** Opening DATA SEGMENT block **

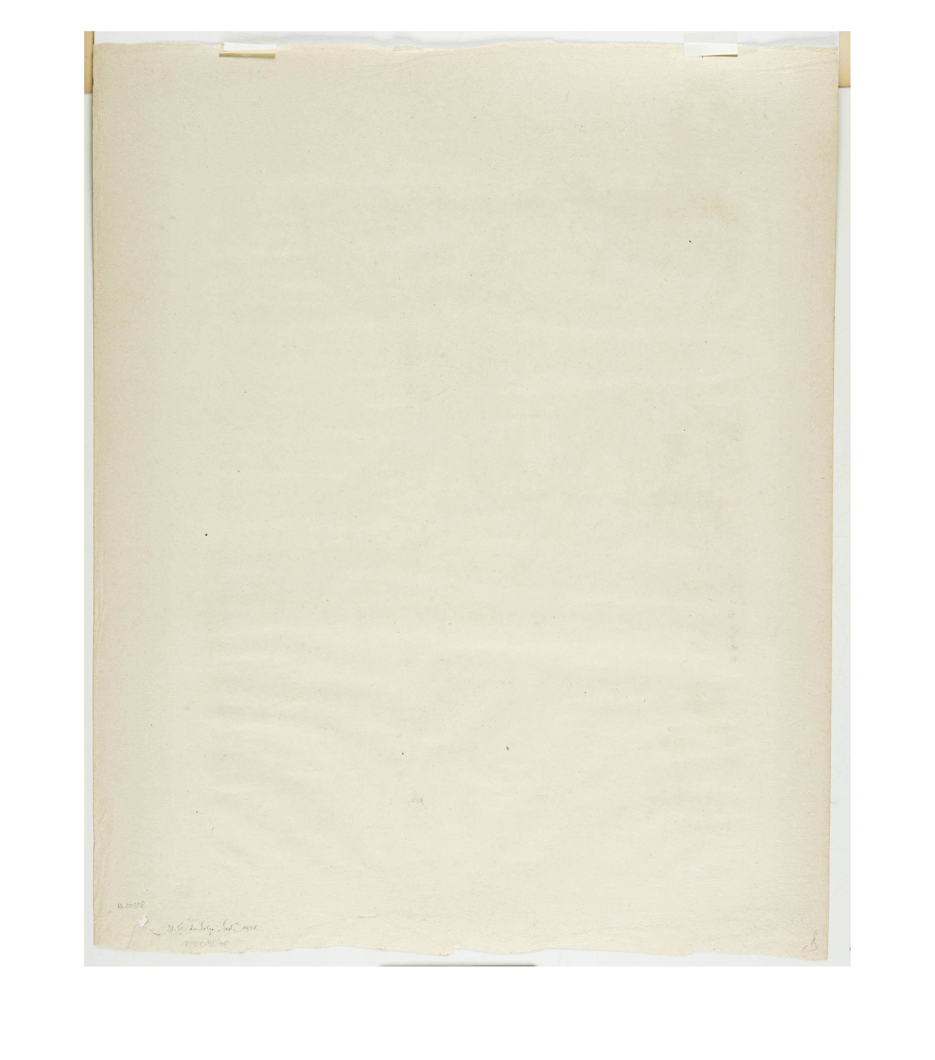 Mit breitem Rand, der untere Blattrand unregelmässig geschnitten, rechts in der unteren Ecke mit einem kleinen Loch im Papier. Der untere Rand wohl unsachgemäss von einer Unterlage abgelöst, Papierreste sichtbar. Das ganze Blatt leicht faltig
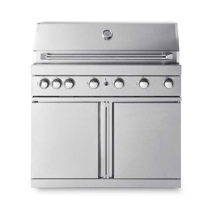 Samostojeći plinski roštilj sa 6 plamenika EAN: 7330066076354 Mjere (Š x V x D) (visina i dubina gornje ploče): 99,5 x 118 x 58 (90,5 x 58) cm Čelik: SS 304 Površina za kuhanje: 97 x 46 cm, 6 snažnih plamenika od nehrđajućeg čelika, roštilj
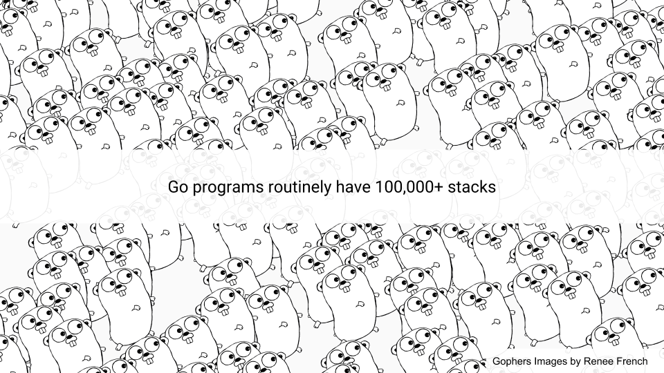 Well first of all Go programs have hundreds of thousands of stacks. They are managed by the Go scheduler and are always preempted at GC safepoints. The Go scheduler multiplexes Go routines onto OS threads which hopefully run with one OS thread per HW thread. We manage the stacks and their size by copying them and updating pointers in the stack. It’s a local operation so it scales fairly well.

** Closing DATA SEGMENT block **

> [GOAL OF THE EXERCISE]: A faithful copy of all the data above, without its pictures, is the expected result.

> [EXERCISE ANSWER]:
 Mit breitem Rand, der untere Blattrand unregelmässig geschnitten, rechts in der unteren Ecke mit einem kleinen Loch im Papier. Der untere Rand wohl unsachgemäss von einer Unterlage abgelöst, Papierreste sichtbar. Das ganze Blatt leicht faltig
 Samostojeći plinski roštilj sa 6 plamenika EAN: 7330066076354 Mjere (Š x V x D) (visina i dubina gornje ploče): 99,5 x 118 x 58 (90,5 x 58) cm Čelik: SS 304 Površina za kuhanje: 97 x 46 cm, 6 snažnih plamenika od nehrđajućeg čelika, roštilj
 Well first of all Go programs have hundreds of thousands of stacks. They are managed by the Go scheduler and are always preempted at GC safepoints. The Go scheduler multiplexes Go routines onto OS threads which hopefully run with one OS thread per HW thread. We manage the stacks and their size by copying them and updating pointers in the stack. It’s a local operation so it scales fairly well.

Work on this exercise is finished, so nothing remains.